Factoryville native gets permission to fly drone for money

Factoryville native gets permission to fly drone for money



A Factoryville native is among the first Pennsylvanians to receive official permission to make money by flying drones.

Matt Sandherr, 33, operating under his fledgling business Diversified Drone, received a notice July 24 confirming he was exempt from certain Federal Aviation Administration regulations that would have stopped him from using his drone for commercial purposes.

Drone pilots have been able to fly their crafts as hobbyists for years, though FAA regulations have prohibited commercial use. The agency proposed new regulations in February that would clear the way for more commercial users.
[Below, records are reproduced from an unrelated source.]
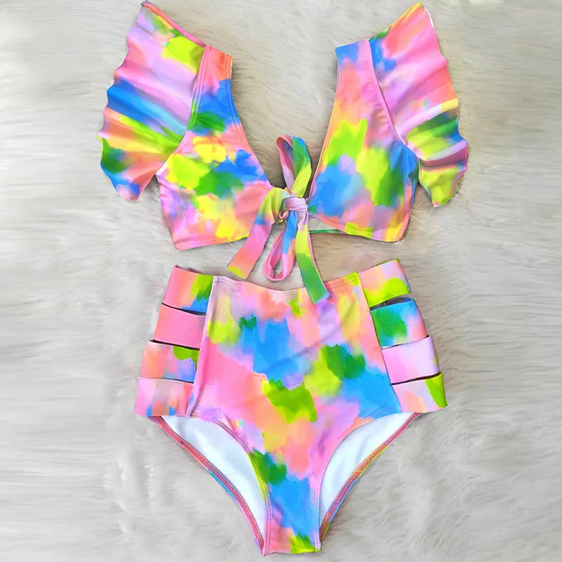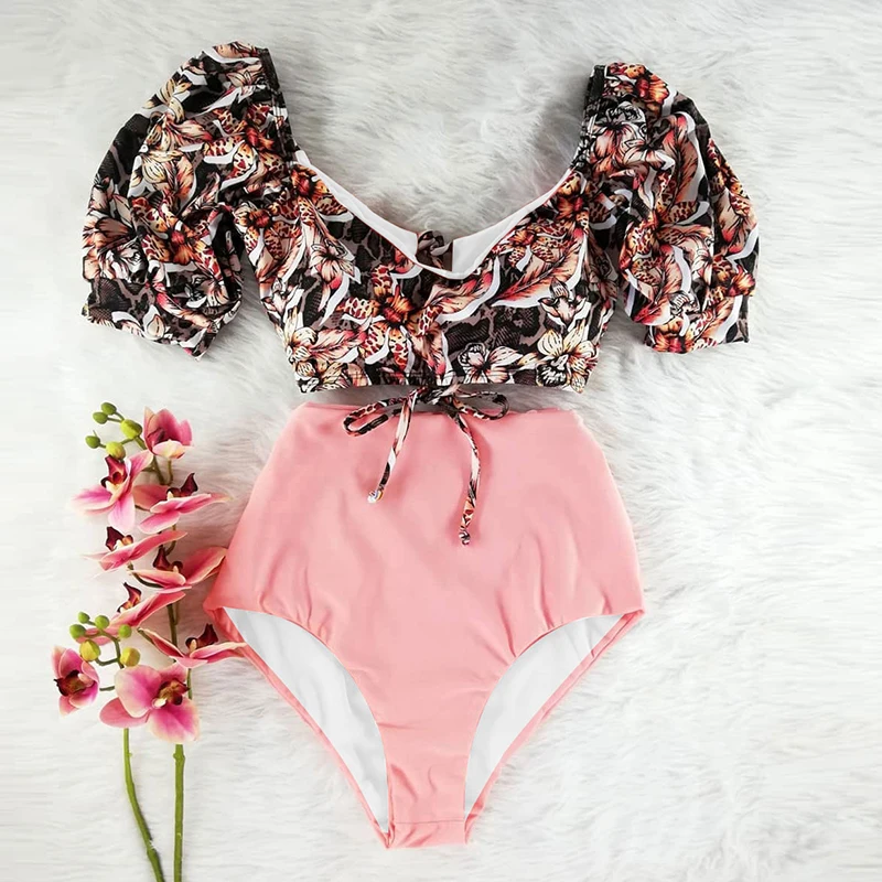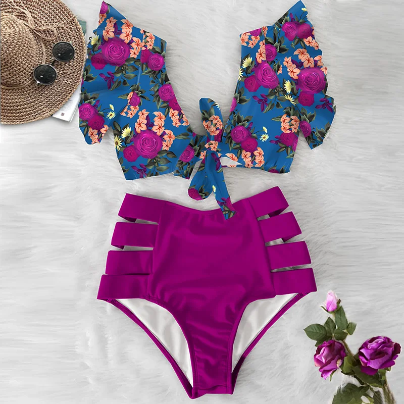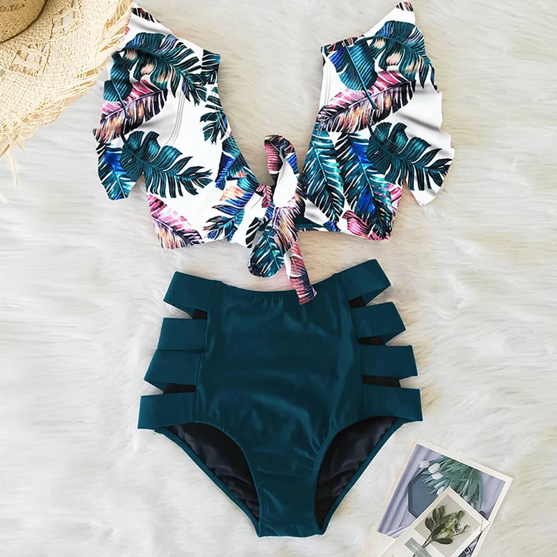 סקסי ביקיני 2020 חדש כפול כתף לפרוע ביקיני סט גבוה מותן בגדי ים נשים בגד ים צווארון V בגד ללבוש לשחות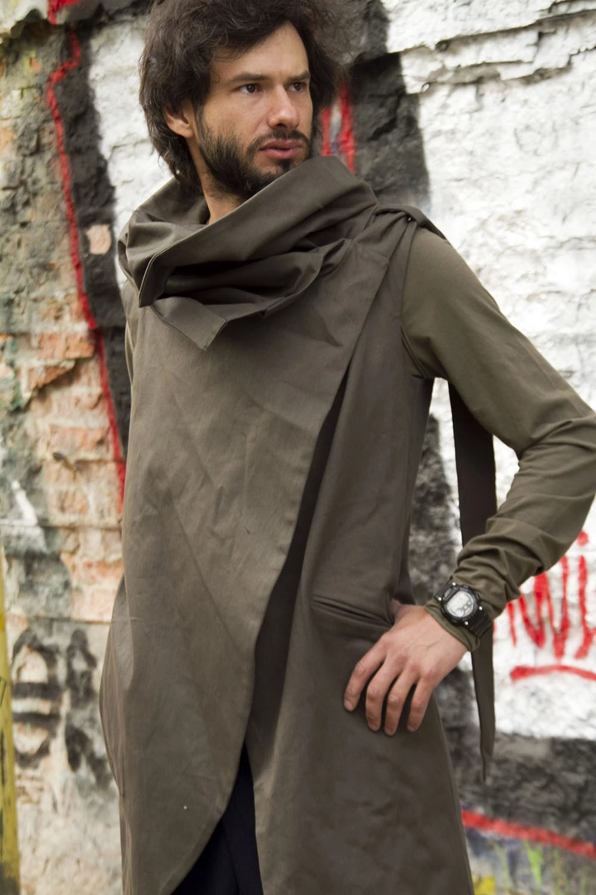 Удлиненная асимметричная модель без застежки, карманы в боковых швах, объемный воротник-капюшон фиксируется лентой.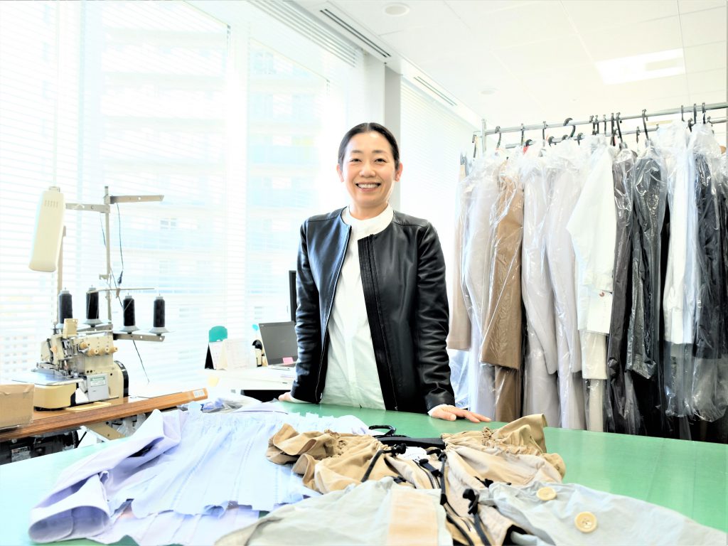 ワールド北青山ビル4Fで、リメイク加工をした1点物を前に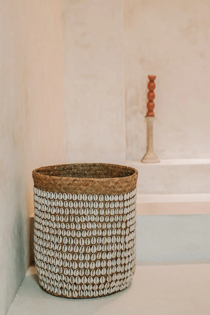 Ce panier en pandanus, orné de coquillages collectés sur les plages balinaises, est une véritable beauté. Découvrez les détails incroyables et l'amour investi dans ce panier artisanal - vous voudrez le laisser briller chez vous pour toujours! Utilisez-le pour ranger le linge, les jouets ou même une grande plante.

For now, seeking exemptions on a case-by-case basis has become the most common way to fly for money. The FAA granted the first exemption in July 2014 and has issued more than 900 since.

Mr. Sandherr’s application was submitted by Joseph Price of Corbett Price Law, a Scranton attorney trying to build his drone law practice. He submitted about 30 pages describing the drone’s airworthiness and Mr. Sandherr’s piloting ability. The user manuals that came with Mr. Sandherr’s DJI Phantom 2 drone were included in the application, he said.

“The Northeast Pennsylvania corridor is ripe for these kind of exemptions,” Mr. Price said. “(FAA officials) look for low-density populations.”

But Mr. Sandherr plans to explore the promise of drone flight outside Northeast Pennsylvania. He sold his Blakely-based car window tinting business, Mobile Tint Inc. Early this month, he packed up his drone and family and moved to Punta Gorda, Florida, where he hopes to start making promotional videos for charter fishermen and real estate firms, among others.

The drone can provide a new perspective on boating into a canal-front Florida property, he said.

“If you shot a nice drone video, you can, for real estate, demonstrate the trip in from the harbor…from an aerial point of view and share that with hundreds,” he said.

He recently made a video for a Florida friend who captains a fishing boat. It includes several aerial views of the boat cutting its way through brackish mangrove swamps.

“It was an amazing set of shots,” Mr. Sandherr said. “It just really illustrated the boat, the harbor, the set of islands.”

Mr. Sandherr began flying drones about three years ago, but has been interested in piloting since his first trip in a small plane around 10 years old. His first solo flight was one of the most exhilarating and terrifying experiences of his life.

“That’s the most incredible experience in the world, when somebody hops out and says, ‘I’ll be listening in on the radio, but if something goes wrong, it’s you,’” he said.

With its relatively low cost and versatility, the drone offers a new set of opportunities.

“It’s such an amazing piece of technology, the possibilities and the uses,” he said.

Around the country, aerial surveyors for farmers, mining companies and the oil and gas industry have received FAA permission, as have filmmakers and advertisers.

Mr. Price hopes other local drone operators will seek exemptions. He has also submitted an application for Access Aerial, started by University of Scranton systems administrators John Culkin and Lee DeAngelis. Theirs has not yet been granted.